Problem to work on:
Your answer should be the lines below from the one with "Legally, the father" to the one with "#ให้เช่า/ทาวน์เฮาส์หมู่บ้านพิมพ์ภาพร อ่าวอุดม หลังมอเกษตรศรีราชา", both included, given again exactly and with nothing added.

Records supplied:
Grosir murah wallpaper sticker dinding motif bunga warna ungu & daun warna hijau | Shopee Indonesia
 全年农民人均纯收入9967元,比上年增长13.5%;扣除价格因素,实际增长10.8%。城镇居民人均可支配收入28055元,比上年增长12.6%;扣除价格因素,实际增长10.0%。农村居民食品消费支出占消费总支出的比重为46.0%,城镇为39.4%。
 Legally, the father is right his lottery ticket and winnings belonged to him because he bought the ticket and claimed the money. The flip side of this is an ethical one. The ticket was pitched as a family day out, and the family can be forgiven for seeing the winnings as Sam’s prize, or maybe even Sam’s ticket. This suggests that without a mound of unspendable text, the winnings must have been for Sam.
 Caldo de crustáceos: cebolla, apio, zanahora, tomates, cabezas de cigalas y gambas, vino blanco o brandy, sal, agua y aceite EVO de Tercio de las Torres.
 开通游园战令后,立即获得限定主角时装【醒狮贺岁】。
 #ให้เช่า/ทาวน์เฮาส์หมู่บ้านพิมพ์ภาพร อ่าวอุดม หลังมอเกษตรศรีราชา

--

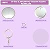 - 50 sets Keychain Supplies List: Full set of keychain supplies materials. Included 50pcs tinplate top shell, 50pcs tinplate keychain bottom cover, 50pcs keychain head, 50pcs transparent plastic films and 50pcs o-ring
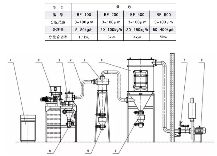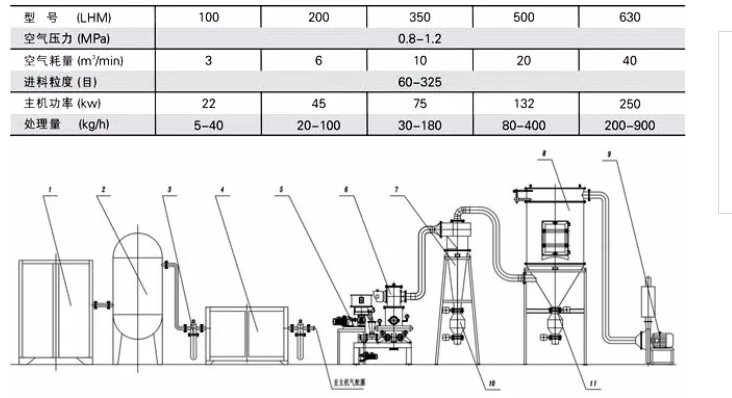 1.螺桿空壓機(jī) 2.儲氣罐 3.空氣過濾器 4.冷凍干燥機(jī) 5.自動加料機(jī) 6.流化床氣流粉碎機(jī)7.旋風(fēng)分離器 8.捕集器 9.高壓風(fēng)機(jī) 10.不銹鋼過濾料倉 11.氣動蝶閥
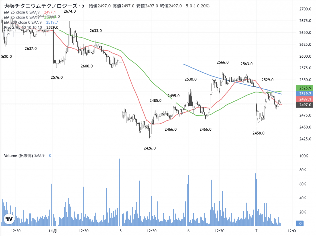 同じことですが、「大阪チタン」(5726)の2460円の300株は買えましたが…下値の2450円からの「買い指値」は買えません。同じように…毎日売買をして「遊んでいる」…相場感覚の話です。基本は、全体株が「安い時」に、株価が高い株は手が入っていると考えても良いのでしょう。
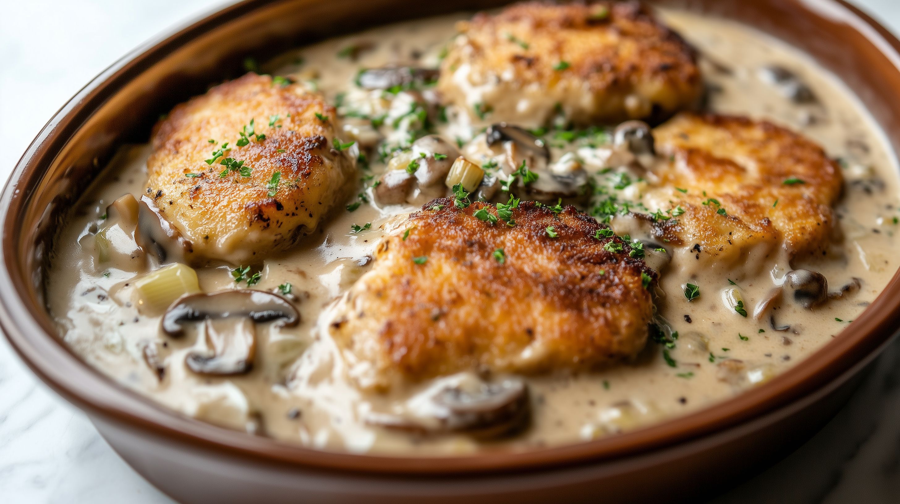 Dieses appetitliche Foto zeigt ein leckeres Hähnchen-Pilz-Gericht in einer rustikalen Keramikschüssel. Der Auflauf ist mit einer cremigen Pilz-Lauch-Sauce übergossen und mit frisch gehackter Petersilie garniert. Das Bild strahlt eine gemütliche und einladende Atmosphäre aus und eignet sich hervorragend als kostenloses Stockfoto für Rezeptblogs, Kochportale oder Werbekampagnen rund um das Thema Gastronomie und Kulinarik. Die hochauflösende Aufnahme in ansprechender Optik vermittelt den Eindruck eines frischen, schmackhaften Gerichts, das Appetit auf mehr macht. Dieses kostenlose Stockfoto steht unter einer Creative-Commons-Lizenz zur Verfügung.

Response:
 Legally, the father is right his lottery ticket and winnings belonged to him because he bought the ticket and claimed the money. The flip side of this is an ethical one. The ticket was pitched as a family day out, and the family can be forgiven for seeing the winnings as Sam’s prize, or maybe even Sam’s ticket. This suggests that without a mound of unspendable text, the winnings must have been for Sam.
 Caldo de crustáceos: cebolla, apio, zanahora, tomates, cabezas de cigalas y gambas, vino blanco o brandy, sal, agua y aceite EVO de Tercio de las Torres.
 开通游园战令后,立即获得限定主角时装【醒狮贺岁】。
 #ให้เช่า/ทาวน์เฮาส์หมู่บ้านพิมพ์ภาพร อ่าวอุดม หลังมอเกษตรศรีราชา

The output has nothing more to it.